SQL queries

All DML (Data Manipulation Language) statements can contain queries.

All DML (Data Manipulation Language) statements can contain queries. This section introduces some of the query types in Vertica, with additional details in later sections.

Simple queries

Simple queries contain a query against one table. Minimal effort is required to process the following query, which looks for product keys and SKU numbers in the product table:

=> SELECT product_key, sku_number FROM public.product_dimension;
product_key  | sku_number
-------------+-----------
43           | SKU-#129
87           | SKU-#250
42           | SKU-#125
49           | SKU-#154
37           | SKU-#107
36           | SKU-#106
86           | SKU-#248
41           | SKU-#121
88           | SKU-#257
40           | SKU-#120
(10 rows)

Tables can contain arrays. You can select the entire array column, an index into it, or the results of a function applied to the array. For more information, see Arrays and sets (collections).

Joins

Joins use a relational operator that combines information from two or more tables. The query's ON clause specifies how tables are combined, such as by matching foreign keys to primary keys. In the following example, the query requests the names of stores with transactions greater than 70 by joining the store key ID from the store schema's sales fact and sales tables:

=> SELECT store_name, COUNT(*) FROM store.store_sales_fact
   JOIN store.store_dimension ON store.store_sales_fact.store_key = store.store_dimension.store_key
   GROUP BY store_name HAVING COUNT(*) > 70 ORDER BY store_name;

 store_name | count
------------+-------
 Store49    |    72
 Store83    |    78
(2 rows)

For more detailed information, see Joins. See also the Multicolumn subqueries section in Subquery examples.

Cross joins

Also known as the Cartesian product, a cross join is the result of joining every record in one table with every record in another table. A cross join occurs when there is no join key between tables to restrict records. The following query, for example, returns all instances of vendor and store names in the vendor and store tables:

=> SELECT vendor_name, store_name FROM public.vendor_dimension
    CROSS JOIN store.store_dimension;
vendor_name         | store_name
--------------------+------------
Deal Warehouse      | Store41
Deal Warehouse      | Store12
Deal Warehouse      | Store46
Deal Warehouse      | Store50
Deal Warehouse      | Store15
Deal Warehouse      | Store48
Deal Warehouse      | Store39
Sundry Wholesale    | Store41
Sundry Wholesale    | Store12
Sundry Wholesale    | Store46
Sundry Wholesale    | Store50
Sundry Wholesale    | Store15
Sundry Wholesale    | Store48
Sundry Wholesale    | Store39
Market Discounters  | Store41
Market Discounters  | Store12
Market Discounters  | Store46
Market Discounters  | Store50
Market Discounters  | Store15
Market Discounters  | Store48
Market Discounters  | Store39
Market Suppliers    | Store41
Market Suppliers    | Store12
Market Suppliers    | Store46
Market Suppliers    | Store50
Market Suppliers    | Store15
Market Suppliers    | Store48
Market Suppliers    | Store39
...                 | ...
(4000 rows)

This example's output is truncated because this particular cross join returned several thousand rows. See also Cross joins.

Subqueries

A subquery is a query nested within another query. In the following example, we want a list of all products containing the highest fat content. The inner query (subquery) returns the product containing the highest fat content among all food products to the outer query block (containing query). The outer query then uses that information to return the names of the products containing the highest fat content.

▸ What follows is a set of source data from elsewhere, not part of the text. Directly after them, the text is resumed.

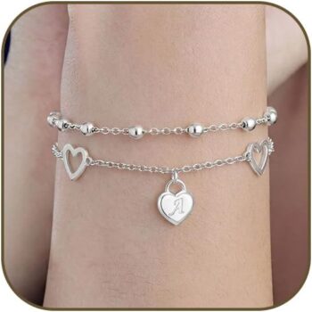 Initial Bracelet for Women Girls S925 Sterling Silver Letter A-Z Heart Pendant Layered Bracelet Christmas Birthday Gifts for Girls Daughter Sister Friends Jewellery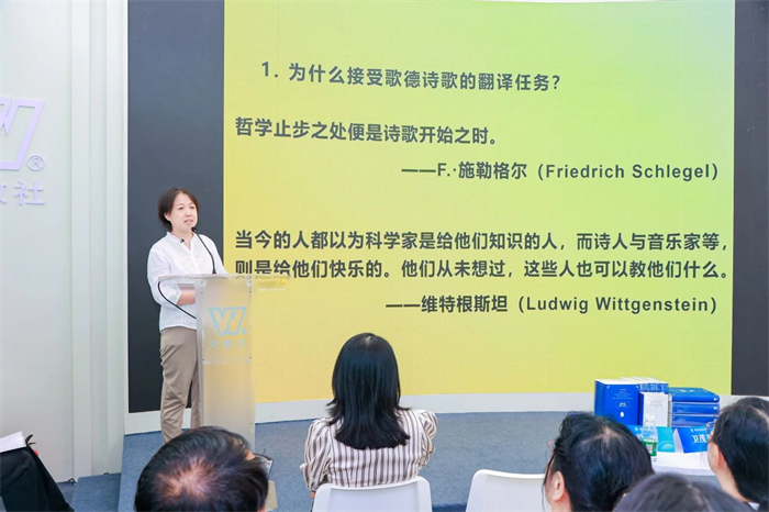 接着,姜丽生动分享了翻译老年歌德诗歌的学术心得与艺术探索。姜丽从哲学与诗歌的关系切入,引用德国浪漫主义思想家施勒格尔与哲学家维特根斯坦的名言,阐明翻译歌德诗歌的初衷:“诗歌不仅是情感的载体,更是智慧的传递。”她特别聚焦老年歌德的创作,打破“爱情属于青春,智慧属于老年”的刻板印象,通过丰富的诗作案例,展现了晚年歌德如何以诗歌记录生活、抒发哲思。在展示翻译中的“再创作”过程方面,姜丽以具体诗作为例,坦言长诗如《亚历山大·曼佐尼颂歌》需平衡韵律与语义,而短诗如讽刺诗《孔雀与印度鹅》则需在简洁中保留原作的锋芒。她还现场对比了同一首诗的三版译稿,呈现如何从直译逐步优化为“形神兼备”的汉语表达。她引用维特根斯坦“语言的边界就是世界的边界”,强调翻译不仅是语言转换,更是文化视野的拓展。观众们深刻体会到,翻译歌德诗歌既是学术挑战,也是与伟大灵魂的对话。正如她所言:“歌德拓展了我的世界,相信也会拓展你的世界。”这场报告不仅展现了翻译工作的艰辛与匠心,更揭示了经典文学跨越时空的生命力,为中德文化交流注入了新的学术温度。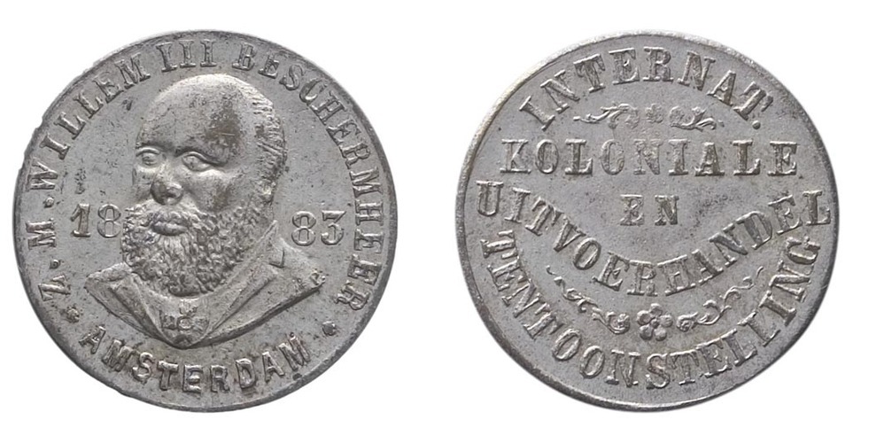 1883, internationale koloniale en uitvoerhandel tentoonstelling te Amsterdam, 1883 koper, metaal hoogte: 1.9 cm; breedte: 1.9 cm; diepte: 0.2 cm; gewicht: 3.64 gr;  omschrift voorzijde: Z.M. WILLEM III BESCHERMHEER * AMSTERDAM *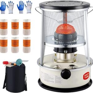 Portable Kerosene Heater for Indoor Use Keroscene Heaters Stainless Steel Indoor Heater Non Electric, Kerosene Stove Camping with 2 Wicks 2 Pairs of Gloves-6L A

=> SELECT product_description, fat_content FROM public.product_dimension
   WHERE fat_content IN
     (SELECT MAX(fat_content) FROM public.product_dimension
      WHERE category_description = 'Food' AND department_description = 'Bakery')
   LIMIT 10;
         product_description         | fat_content
-------------------------------------+-------------
 Brand #59110 hotdog buns            |          90
 Brand #58107 english muffins        |          90
 Brand #57135 english muffins        |          90
 Brand #54870 cinnamon buns          |          90
 Brand #53690 english muffins        |          90
 Brand #53096 bagels                 |          90
 Brand #50678 chocolate chip cookies |          90
 Brand #49269 wheat bread            |          90
 Brand #47156 coffee cake            |          90
 Brand #43844 corn muffins           |          90
(10 rows)

For more information, see Subqueries.

Sorting queries

Use the ORDER BY clause to order the rows that a query returns.

Special note about query results

You could get different results running certain queries on one machine or another for the following reasons:

  • Partitioning on a FLOAT type could return nondeterministic results because of the precision, especially when the numbers are close to one another, such as results from the RADIANS() function, which has a very small range of output.

    To get deterministic results, use NUMERIC if you must partition by data that is not an INTEGER type.

  • Most analytics (with analytic aggregations, such as MIN()/MAX()/SUM()/COUNT()/AVG() as exceptions) rely on a unique order of input data to get deterministic result. If the analytic window-order clause cannot resolve ties in the data, results could be different each time you run the query.

    For example, in the following query, the analytic ORDER BY does not include the first column in the query, promotion_key. So for a tie of AVG(RADIANS(cost_dollar_amount)), product_version, the same promotion_key could have different positions within the analytic partition, resulting in a different NTILE() number. Thus, DISTINCT could also have a different result:

    => SELECT COUNT(*) FROM
          (SELECT DISTINCT SIN(FLOOR(MAX(store.store_sales_fact.promotion_key))),
       NTILE(79) OVER(PARTITION BY AVG (RADIANS
          (store.store_sales_fact.cost_dollar_amount ))
       ORDER BY store.store_sales_fact.product_version)
       FROM store.store_sales_fact
       GROUP BY store.store_sales_fact.product_version,
             store.store_sales_fact.sales_dollar_amount ) AS store;
     count
    -------
      1425
    (1 row)
    

    If you add MAX(promotion_key) to analytic ORDER BY, the results are the same on any machine:

    => SELECT COUNT(*) FROM (SELECT DISTINCT MAX(store.store_sales_fact.promotion_key),
        NTILE(79) OVER(PARTITION BY MAX(store.store_sales_fact.cost_dollar_amount)
       ORDER BY store.store_sales_fact.product_version,
       MAX(store.store_sales_fact.promotion_key))
       FROM store.store_sales_fact
       GROUP BY store.store_sales_fact.product_version,
         store.store_sales_fact.sales_dollar_amount) AS store;